Mucha, maître de l’Art nouveau

Publié le 18/10/2018

Le zodiaque, 1896. Lithographie en couleur 65.7 x 48.2 cm. Prague, Fondation Mucha

Mucha Trust 2018

Éblouissantes et fascinantes de beauté, ces jeunes femmes, fleurs parmi les fleurs, exercent un attrait tout particulier. Elles témoignent de l’extraordinaire invention créatrice de Mucha, maître de l’Art nouveau.

Quel talent dans cette œuvre originale et indépendante ! En ce début de 1900, Mucha est surtout connu comme illustrateur ; en tant que peintre, il est attiré par les thèmes historiques. Il faudra une occasion particulière pour qu’il s’intéresse à l’affiche et que, grâce à ce travail, s’épanouisse son style novateur qui fera sa réputation. C’est Sarah Bernhardt qui, en 1894 lui offre sa chance ; elle joue une pièce de Victorien Sardou, Gismonda, et réclame à l’imprimeur Lemercier une affiche pour sa publicité dans les plus brefs délais. Ce dernier fait part de cette demande à l’artiste qui accepte de la réaliser ; un vrai défi, car il ne dispose que de quelques jours. Et c’est ainsi qu’il crée une composition où l’actrice apparaît hiératique, imposante dans une longue robe blanche, une branche de laurier à la main. Un affichiste exceptionnel est né dont l’œuvre n’est comparable à aucune autre. Enthousiasmée par le travail de Mucha, l’actrice signe avec lui un contrat pour décors, costumes et affiches de 6 pièces à venir.

D’origine tchèque, Mucha naît en 1860 dans une petite ville de Moldavie ; son attrait pour l’art remonte à son enfance ; il ne se démentira pas. Un échec à l’école des Beaux-Arts de Prague l’incite à partir pour Vienne, où il est engagé pour la réalisation de décors de théâtre.
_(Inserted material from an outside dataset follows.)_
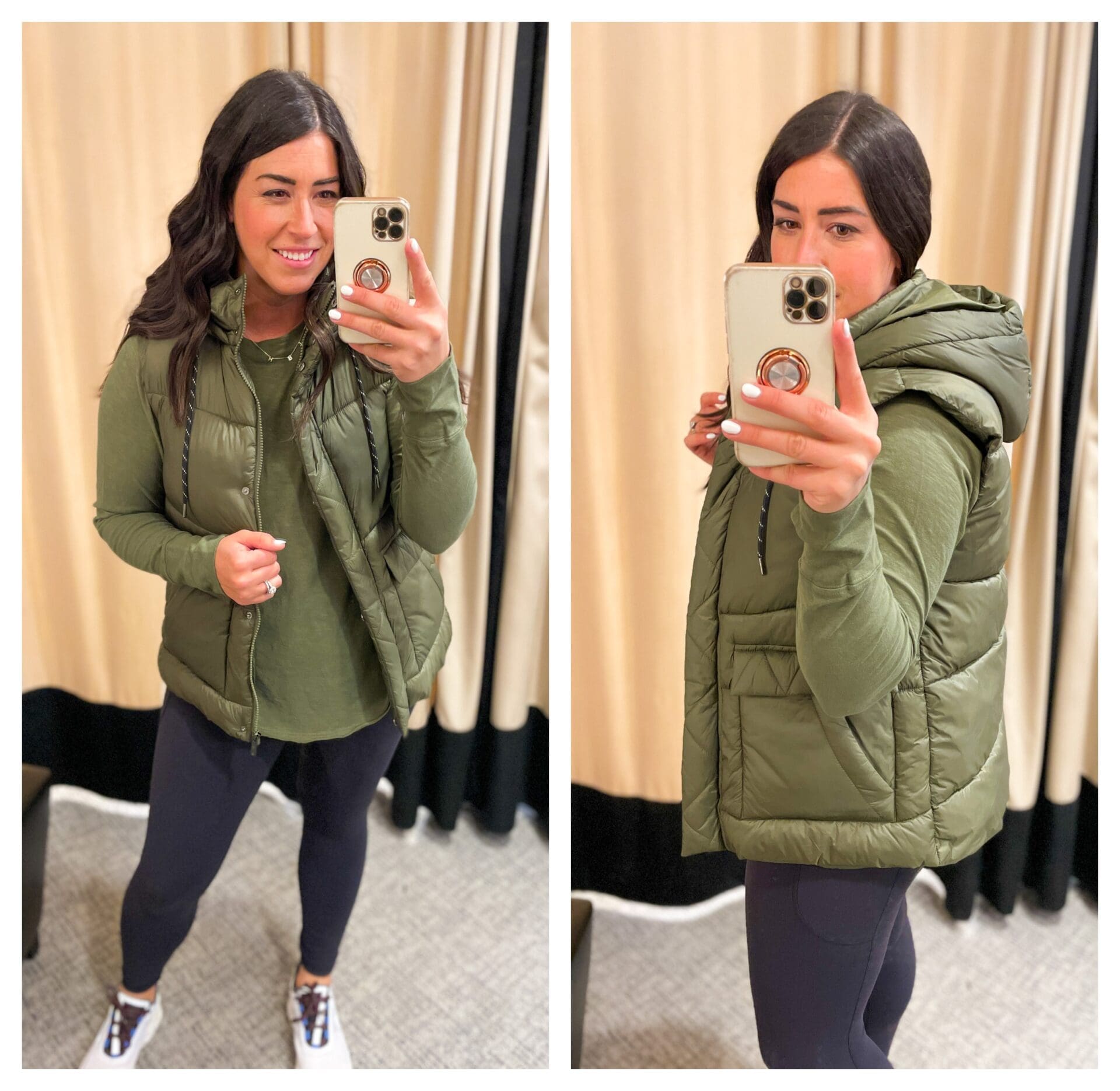 Zella Quilted Hooded Cocoon Vest [TTS, or size up if you want to zip with a large chest!] // Zella Relaxed Long Sleeve Slub Jersey T-Shirt [size down if in between, wearing in medium] // Zella Studio Luxe High Waist Pocket [true to size]

La chance lui sourit lorsqu’il rencontre en 1883 le comte Kuen, mécène pour lequel il réalise des peintures murales dans son château. Très satisfait de son travail, le comte lui alloue une bourse pendant 7 ans. Mucha part alors étudier 4 ans à Munich, puis se rend à Paris en 1888. La capitale est alors un fleuron artistique incontesté ; la création y est permanente et Mucha apprécie la liberté ambiante.

Gismonda, 1894. Lithographie en couleur. 216 x 74.2 cm. Fondation Mucha, Prague

Mucha Trust 2018

L’exposition reflète l’œuvre multiple de ce peintre, illustrateur, sculpteur et photographe et révèle le talent de cet artiste, sa virtuosité – dont parfois nous ne retenons que son art de l’affiche, certes immense. Il n’est d’ailleurs pas l’inventeur de cette discipline ; Jules Chéret ou Toulouse-Lautrec, pour le Moulin Rouge, sont réputés pour leur talent.
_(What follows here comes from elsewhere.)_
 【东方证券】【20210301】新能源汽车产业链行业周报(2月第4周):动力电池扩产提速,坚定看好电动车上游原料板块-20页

Mais Mucha apporte autre chose et donne à l’affiche ses lettres de noblesse. Dans ses compositions, courbes et contrecourbes se répondent en de gracieuses arabesques où l’on décèle parfois une influence japonisante. Les jeunes femmes au visage pur et expressif séduisent avec leur longue chevelure dorée sous la lumière les enveloppant, dessinant leur sensualité discrète, leur mystère. Elles affirment leur présence par une silhouette parfois éthérée, coiffées de fleurs évoquées par des tons doux. S’il existe dans certaines une prolifération de végétaux, le plus souvent de détails qui les surchargent, on admire le raffinement de la technique ou les effets nouveaux de la mise en page.
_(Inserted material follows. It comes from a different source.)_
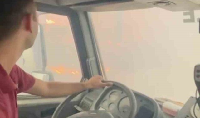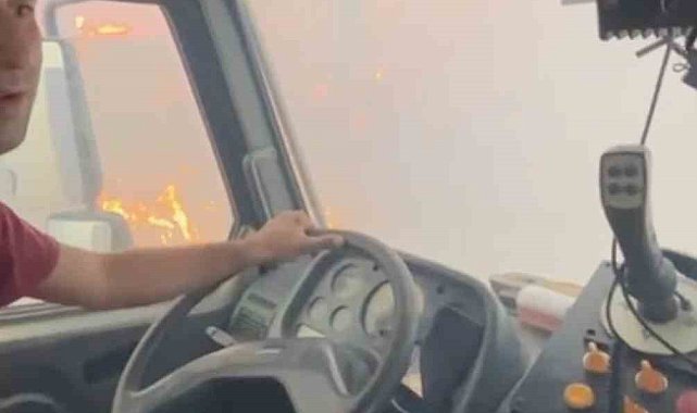 Çanakkale'nin Ezine ilçesinde çıkan orman yangınına Orman Bölge Müdürlüğü ekipleri havadan ve karadan müdahale ediyor. Bu sırada alevlerin arasında kalan bir arazözdeki orman işçileri, o zor anları cep telefonu kameralarıyla kaydetti.

Les affiches de Sarah Bernhardt, dans Médée ou Lorenzaccio, la représentent seule en pied dans une sobre décoration. L’artiste aime aussi les allégories : Les Quatre saisons ou Danse et Poésie, incarnées par des jeunes femmes. Ou encore Zodiaque, un superbe profil de femme portant une tiare somptueuse comme son collier, qui témoignent de l’intérêt de l’artiste pour les bijoux.

Il est une autre inspiration chez lui ; fort attaché à son pays, il veut chanter la renaissance du peuple slave ; appelé à décorer le pavillon de la Bosnie-Herzégovine à l’Exposition de 1900, il trouve là l’occasion de concevoir un projet évoquant l’épopée slave, où il met en scène les luttes menées durant des siècles pour chasser les envahisseurs. Il mêle histoire et légendes dans ses 20 panneaux monumentaux, images de tragédies. Plusieurs études permettent d’imaginer l’œuvre définitive ; l’artiste en a fait don à sa ville de Prague.